Como comentamos anteriormente, Franz von Werra chegou na Quinta Feira Santa ao Rio de Janeiro. Já a sua partida se deu no dia 13 de abril de 1941, Domingo de Páscoa. E o que ele fez no Rio enquanto ali esteve? Não sabemos, pois nada deixou escrito em seu relatório.

Provavelmente ele ficou mesmo escondido na embaixada, ou na casa de algum funcionário. Até porque a espionagem britânica atuava então fortemente no Brasil e recapturar Werra, ou mesmo matá-lo, seria algo bastante desejado.

Campo do Ibura durante a Segunda Guerra Mundial.

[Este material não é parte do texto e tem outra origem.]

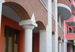 Scala a chiocciola in marmo rosa asiago spazzolato e anticato
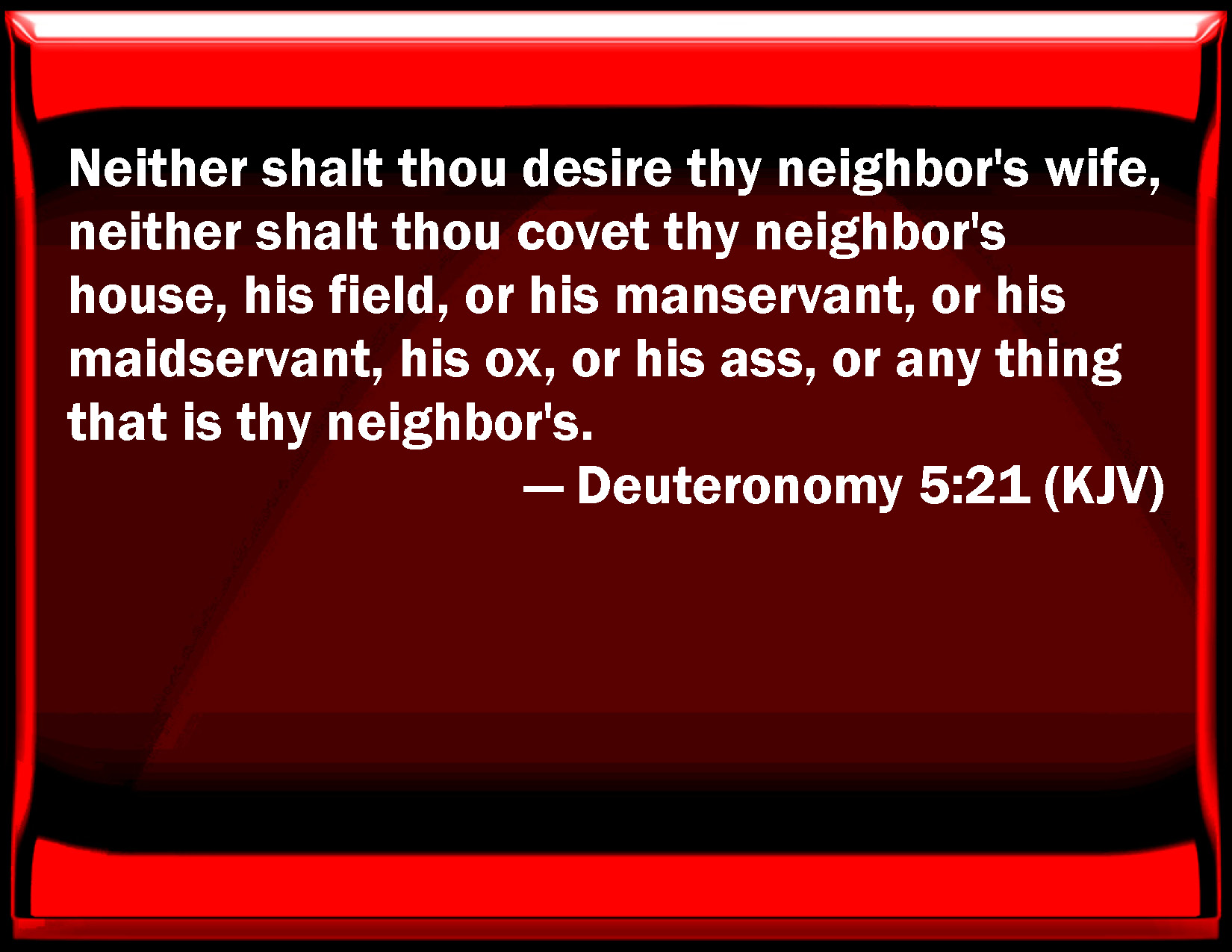 Bible Verse Slide Deuteronomy 5:21 Neither shall you desire your neighbor's wife, neither shall you covet your neighbor's house, his field, or his manservant, or his maidservant, his ox, or his ass, or any thing that is your neighbor's. KJV: Neither shalt thou desire thy neighbour's wife, neither shalt thou covet thy neighbour's house, his field, or his manservant, or his maidservant, his ox, or his ass, or any thing that is thy neighbour's. DRB: Thou shalt not covet thy neighbour's wife: nor his house, nor his field, nor his manservant, nor his maidservant, nor his ox, nor his ass, nor any thing that is his. DBT: Neither shalt thou desire thy neighbour's wife, neither shalt thou covet thy neighbour's house, his field, nor his bondman, nor his handmaid, his ox, nor his ass, nor anything that is thy neighbour's. ERV: Neither shalt thou covet thy neighbour's wife; neither shalt thou desire thy neighbour's house, his field, or his manservant, or his maidservant, his ox, or his ass, or any thing that is thy neighbour's. WBT: Neither shalt thou desire thy neighbor's wife, neither shalt thou covet thy neighbor's house, his field, or his man-servant, or his maid-servant, his ox, or his ass, or any thing that is thy neighbor's. WEB: "Neither shall you covet your neighbor's wife; neither shall you desire your neighbor's house, his field, or his male servant, or his female servant, his ox, or his donkey, or anything that is your neighbor's." YLT: Thou dost not desire thy neighbour's wife; nor dost thou covet thy neighbour's house, his field, and his man-servant, and his handmaid, his ox, and his ass, and anything which is thy neighbour's.Links Deuteronomy 5:21 NIV • Deuteronomy 5:21 NLT • Deuteronomy 5:21 ESV • Deuteronomy 5:21 NASB • Deuteronomy 5:21 KJV • Deuteronomy 5:21 Interlinear • Deuteronomy 5:21 Commentaries • Deuteronomy 5:21 Parallel Texts • Deuteronomy 5:21 Bible Apps • Deuteronomy 5:21 Parallel • Bible Hub |

Nos jornais cariocas não existe nenhuma informação da partida de alguma aeronave da LATI para o Nordeste do Brasil no dia 13. Mas no Diário de Pernambuco, encontrei uma nota (abaixo) que comenta sobre a aterrissagem da aeronave Savoia Marchetti SM.83, prefixo I-ASSO, no Campo do Ibura, Recife. Eram 13h50min do domingo e a bordo vinha um único passageiro – Berd Notus.

Após desembarcar e diante de sua situação, seria de esperar que esse único passageiro agisse de maneira discreta e sem chamar a atenção. Mas foi tudo exatamente o contrário.

Notus (Werra) não resistiu e começou a dar declarações ao encontrar o jornalista do Diário de Pernambuco que estava de plantão no Ibura e acompanhava os pousos e as decolagens das aeronaves. Apresentou-se como “estudante” e “filho do ministro da Alemanha no México” e chegou ao cúmulo de afirmar que “vai à Alemanha alistar-se na Luftwaffe” e que “esperava lutar ainda esse ano”. Só faltou dizer que era um “Barão”!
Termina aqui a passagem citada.